Oh Richul, Park Un Chul, Park Kyu Hyung, Park Sang Jun, Yoon Chang Ki
Department of Ophthalmology, Seoul National University College of Medicine, Jongno-gu, Korea (the Republic of).
Department of Ophthalmology, Seoul National University Hospital, Jongno-gu, Korea (the Republic of).
BMJ Open. 2025 May 21;15(5):e100058. doi: 10.1136/bmjopen-2025-100058.
With a growing need for ultra-widefield fundus (UWF) fundus photographs in clinics and AI development, image quality assessment (IQA) of UWF fundus photographs is an important preceding step for accurate diagnosis and clinical interpretation. This study developed deep learning (DL) models for automated IQA of UWF fundus photographs (UWF-IQA model) and investigated intergrader agreements in the IQA of UWF fundus photographs.
We included 4749 UWF images of 2124 patients to set the UWF-IQA dataset. Three independent board-certified ophthalmologists manually assessed each UWF image on four grading criteria (field of view, peripheral visualisation, details of posterior pole and centring of the image) and a final IQA grading using a five-point scale. The UWF-IQA model was developed to predict IQA scores with EfficientNet-B3 as the backbone model. For the test dataset, Cohen's quadratic weighted kappa score was calculated to evaluate intergrader agreements and agreements between predicted IQA scores and manual gradings.

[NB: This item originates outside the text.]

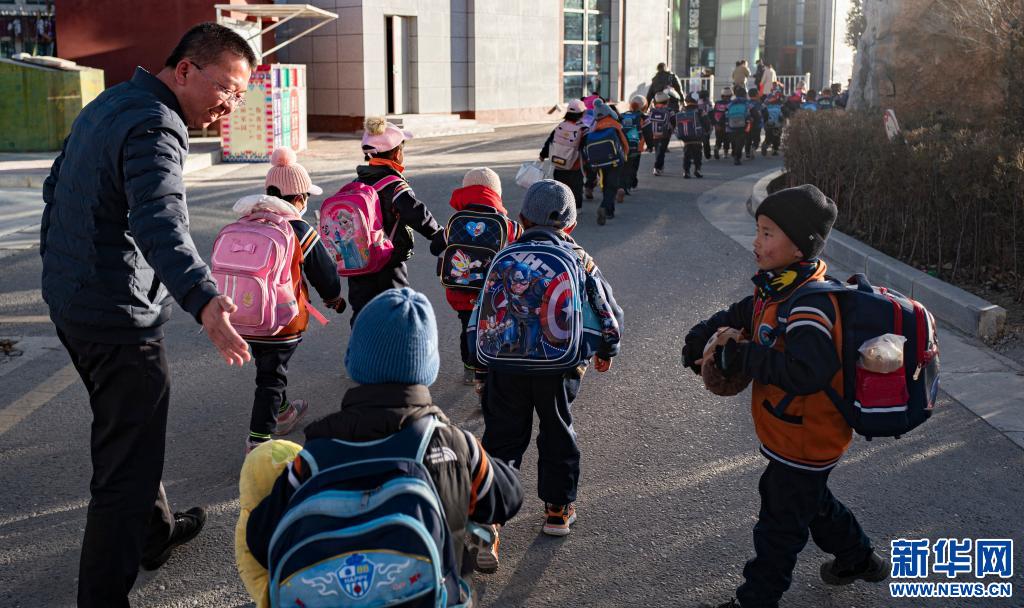 援藏教師潘杰送學(xué)生放學(xué)(2021年12月9日攝)。

Development and test dataset consisted of 3790 images from 1699 patients and 959 images of 425 patients, respectively, without statistical differences in IQA gradings. The average agreement between the UWF-IQA model and manual graders was 0.731, while the average of intergrader agreements among manual graders was 0.603 (Cohen's weighted kappa score). Posterior pole grading showed the highest average agreements (0.838) between the UWF-IQA model and manual graders, followed by final grading (0.788), centring of the image (0.754), peripheral visualisation (0.754) and field of view (0.535).
Predicted IQA scores using the UWF-IQA model showed better agreements with manual graders compared with intergrader agreements. The automated UWF-IQA model offers robust and efficient IQA predictions with the final and subcategory gradings.
随着临床和人工智能开发中对超广角眼底(UWF)照片的需求不断增长,UWF眼底照片的图像质量评估(IQA)是准确诊断和临床解读的重要前置步骤。本研究开发了用于UWF眼底照片自动IQA的深度学习(DL)模型(UWF-IQA模型),并研究了UWF眼底照片IQA中的分级者间一致性。
我们纳入了2124例患者的4749张UWF图像来设置UWF-IQA数据集。三位独立的获得董事会认证的眼科医生根据四个分级标准(视野、周边可视化、后极细节和图像居中)以及使用五点量表进行的最终IQA分级,对每张UWF图像进行人工评估。以EfficientNet-B3作为骨干模型开发UWF-IQA模型来预测IQA分数。对于测试数据集,计算Cohen二次加权kappa分数以评估分级者间一致性以及预测的IQA分数与人工分级之间的一致性。
开发数据集和测试数据集分别由来自1699例患者的3790张图像和425例患者的959张图像组成,IQA分级无统计学差异。UWF-IQA模型与人工分级者之间的平均一致性为0.731,而人工分级者之间的分级者间平均一致性为0.603(Cohen加权kappa分数)。后极分级在UWF-IQA模型与人工分级者之间显示出最高平均一致性(0.838),其次是最终分级(0.788)、图像居中(0.754)、周边可视化(0.754)和视野(0.535)。
与分级者间一致性相比,使用UWF-IQA模型预测的IQA分数与人工分级者显示出更好的一致性。自动化UWF-IQA模型在最终和子类别分级方面提供了强大而高效的IQA预测。